From the lower opening, through the crust of cooling slag, a dull reddish bead appeared. Then another. Tiny drops sliding down, hardening into rough, misshapen lumps.
“Yes,” Dan breathed. His hands trembled from exhaustion. “That’s it.”
The first copper was dirty, pocked with bubbles and trapped slag. Still, it was copper. Soft. Malleable. Something entirely new to this world.
From those first scraps they made needles, flattened and bent, quickly claimed by women mending clothing. Fishhooks sharper and stronger than bone. The simple act of bending metal instead of carving stone for hours felt like sorcery.
“It starts with copper,” Dan told Bob one evening, turning a small ingot in his fingers. “If we find tin or antimony, we get bronze. Harder. Better. And someday iron.”
“Iron,” Bob repeated, wiping sweat from his face, pretending he fully understood.
“It’s out there.” Dan nodded toward hills where the soil glowed rust red in places. “I have seen the color. But iron needs more heat. We are not there yet.”
He did not finish the thought. In his mind he was already building a better furnace, imagining the first bloom of iron that would need to be hammered for hours to drive out the slag.
That was tomorrow.
Today they had copper.
Charcoal production became constant work. Forest turned into fuel. Pits were dug, filled, sealed, and opened again to reveal black treasure. The settlement hummed like a disturbed hive. Women hauled clay. Men carried ore. Children gathered brush.
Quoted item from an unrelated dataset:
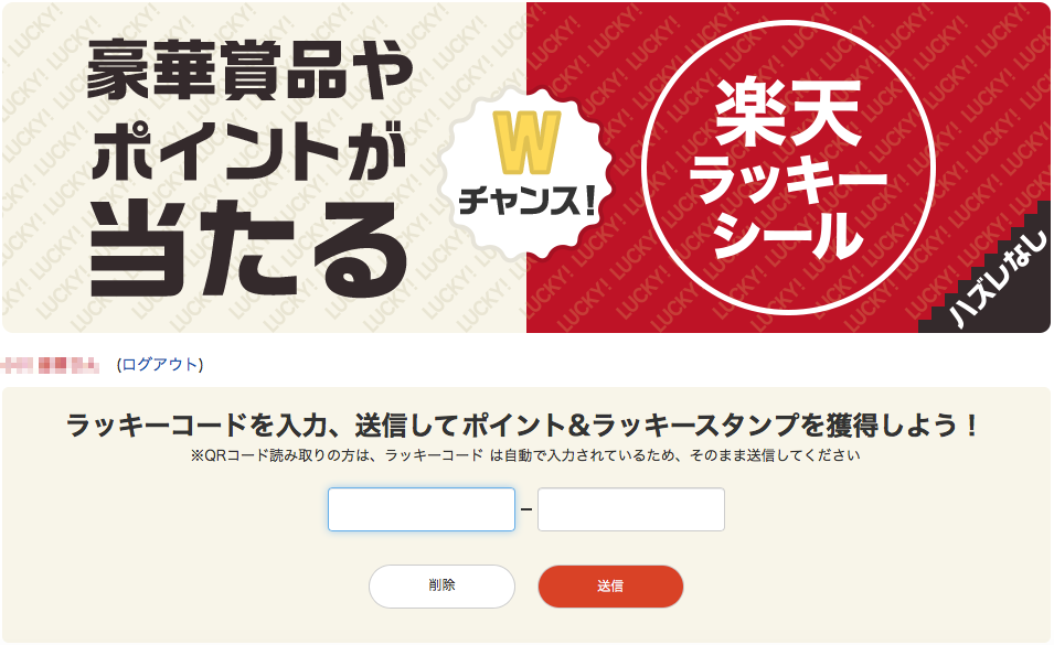 キャンペーンコードを楽天ラッキーシールのサイトに入力し、送信ボタンを押します。
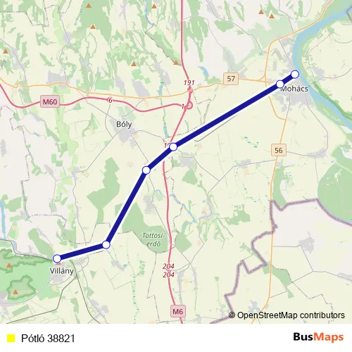 The first stop of the Pótló 38821 bus route is Mohács and the last stop is Villány. Pótló 38821 is operational during everyday.

Everyone played a part in a change they did not yet fully grasp.
Dan stood before the smoking furnace and watched metal flow obedient to fire. They had crossed a line. From stone to copper. There was no going back.
Cleared forest became gardens. The burned soil beyond the village accepted seed. Millet. Wild sorghum. Yams. Palisades rose along the edges to keep out boar and monkeys. The first harvests came in.
Six children were born that year.
One was his son.
The boy had his mother’s eyes and Dan’s nose. They named him Kelan. A simple name, but to Dan it carried more weight than history. Heir. Hope. A piece of him that would outlive him in this age.
He held the child and could not stop smiling.
“You know,” he told Bob quietly, “for the first time in a long while, I do not feel like dying.”
“That’s the win, boss,” Bob said with a crooked grin. “Even if the whole world’s on fire.”
And in a way, it was. The ground burned with labor. The air with expectation. Hearts with the stubborn desire to live better than yesterday.
They were no longer survivors.
They were builders.
Expansion loomed. Hunters trained harder. Craftsmen refined their skills. Messengers traveled farther. What had once sounded like myth was turning solid.
Dan stood on a hill overlooking the village and felt something new.
Satisfaction.
And a trace of fear.
Because the next step would matter more than any before it.